What was your path to Partner like?
When I was young, I took a keen interest in business, especially after helping my entrepreneurial father run different bars and leisure facilities around Frome. We were a working-class family and as such, I was the only one of my five siblings to follow the educational path of A Levels through to university. Linked to that, unfortunately I didn’t have a huge amount of guidance for my education, so even then I came out of university not really knowing what I wanted to do for a job, let alone a career.
Thankfully, in a moment of serendipity, I came across CIL and its West Country office. I’d studied business at Bath University, and consulting was on the radar as a potential option given the flexibility it offered. So I went for it, and joined as an Analyst in 2007 in one of the first graduate intake programmes, working my way up over the last 14 years to make Partner.
How did your previous experience prepare you for a role as Partner?
I worked in my family businesses as I grew up, which definitely helped me get to where I am today. I was exposed to the world of work early on and learned how to talk to people, gaining confidence in myself and helping me stand out later down the line.
Sports was also a big feature of my life, which helped me gain self-discipline and commitment, alongside further teamwork skills.
How did coming from government-funded education influence your approach to your career, if at all?
Given I was the only one of my family to attend university, I took a path that I was not prepared for early on. Impostor syndrome is an issue everybody faces, regardless of where they start, and I have certainly had moments where I felt different from those around me.
However, I think that not having the pressure of a highly focused career path from an early age allowed me to have more of a relaxed view on my own career progression and to mediate the intensity in which I approached that side of my life. I always remain grateful for what I have accomplished, which allows me to focus on doing the best I can in the present, rather than always looking to the next promotion.
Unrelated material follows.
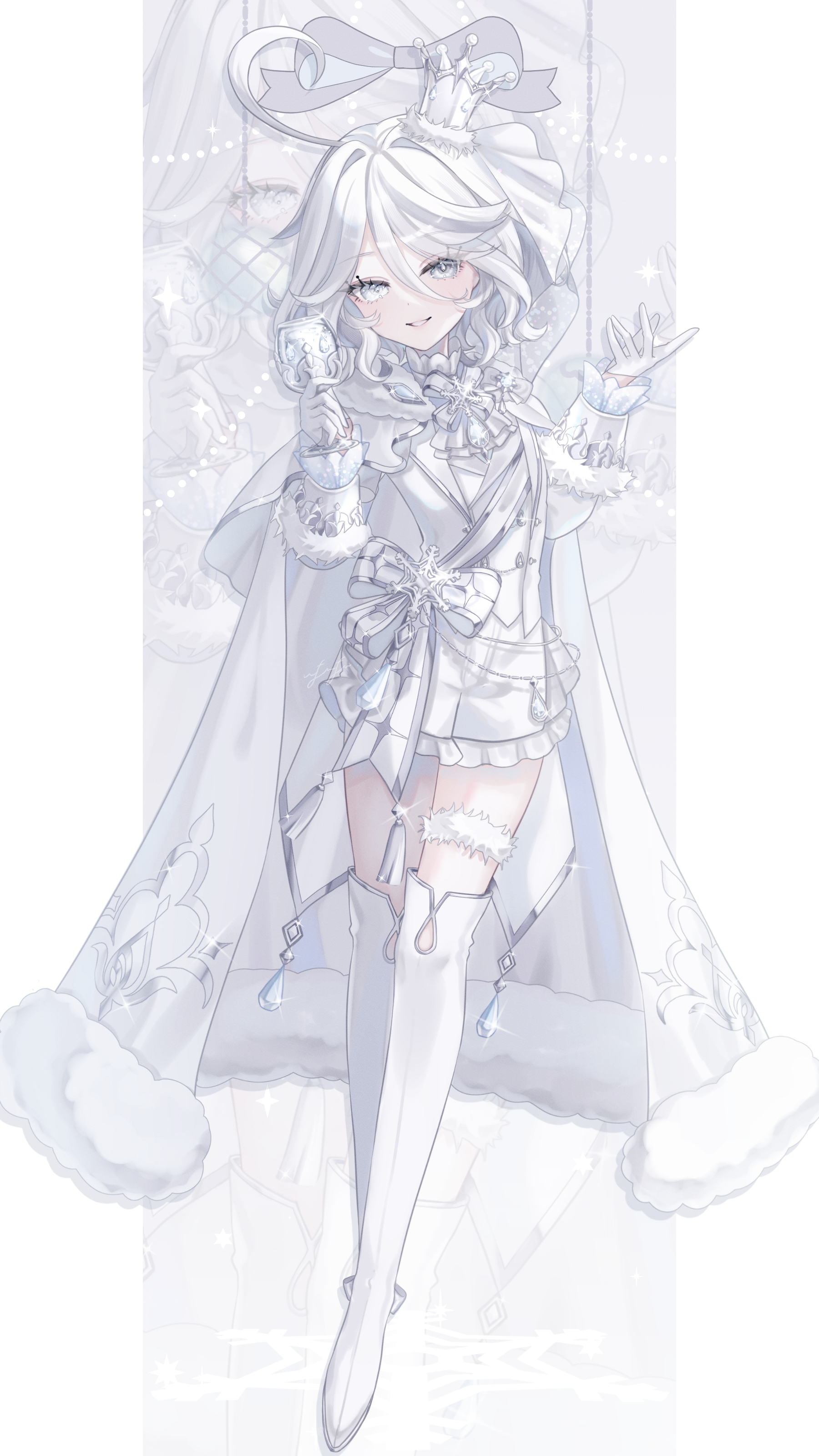 1girl absurdres adapted_costume ahoge alternate_color anninufufu ascot blush boots cape commentary crown cup drinking_glass furina_(genshin_impact) gem genshin_impact gloves grey_eyes grey_pupils hair_between_eyes hand_up highres holding holding_cup jacket long_sleeves looking_at_viewer medium_hair mini_crown ouji_fashion parted_lips smile untranslatable_commentary thigh_boots thigh_strap white_ascot white_cape white_footwear white_gem white_gloves white_hair white_jacket white_theme wine_glass zoom_layer

It also made me willing to take on many different tasks to learn as much as I could. People around me saw that, which helped me progress my career.
What advice would you give to others wanting to join CIL or get into consulting?
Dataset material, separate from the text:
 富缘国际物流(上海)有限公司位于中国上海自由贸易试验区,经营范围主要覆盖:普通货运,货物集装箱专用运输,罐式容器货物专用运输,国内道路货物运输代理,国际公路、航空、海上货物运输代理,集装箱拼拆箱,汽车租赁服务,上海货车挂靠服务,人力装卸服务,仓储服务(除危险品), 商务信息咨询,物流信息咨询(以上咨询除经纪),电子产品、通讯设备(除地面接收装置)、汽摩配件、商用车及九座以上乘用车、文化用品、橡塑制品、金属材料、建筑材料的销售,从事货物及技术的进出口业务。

Recognising individual responsibility is paramount. The more you move away from personal responsibility, the more you allow others to take control of your life. This doesn’t mean you should always be pushing at the door but being able to recognise that you are ultimately in charge of your life will help you go further. If something doesn’t go according to plan, figure out what you could have done differently to get a better outcome next time around.
How does CIL support the entry of those from under-privileged backgrounds into consulting?
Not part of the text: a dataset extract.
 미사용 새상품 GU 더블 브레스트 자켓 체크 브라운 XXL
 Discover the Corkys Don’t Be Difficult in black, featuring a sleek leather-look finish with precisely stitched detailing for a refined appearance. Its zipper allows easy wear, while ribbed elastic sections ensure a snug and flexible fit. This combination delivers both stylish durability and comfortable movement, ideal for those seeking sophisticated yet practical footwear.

CIL constantly evaluates where we are under-represented and focuses on making sure that those groups are aware of CIL and can make an informed choice about their future career.
For example, we regularly go to universities near Frome and the South West of England to promote our presence as a consultancy outside of the traditional location of London. We hold regular D&I insight days to introduce people to CIL and give them an open forum to ask questions about carers in consulting. We also work closely with charities like UpReach which focus on boosting social mobility. Through this relationship, we give information and experience to students from less-advantaged backgrounds.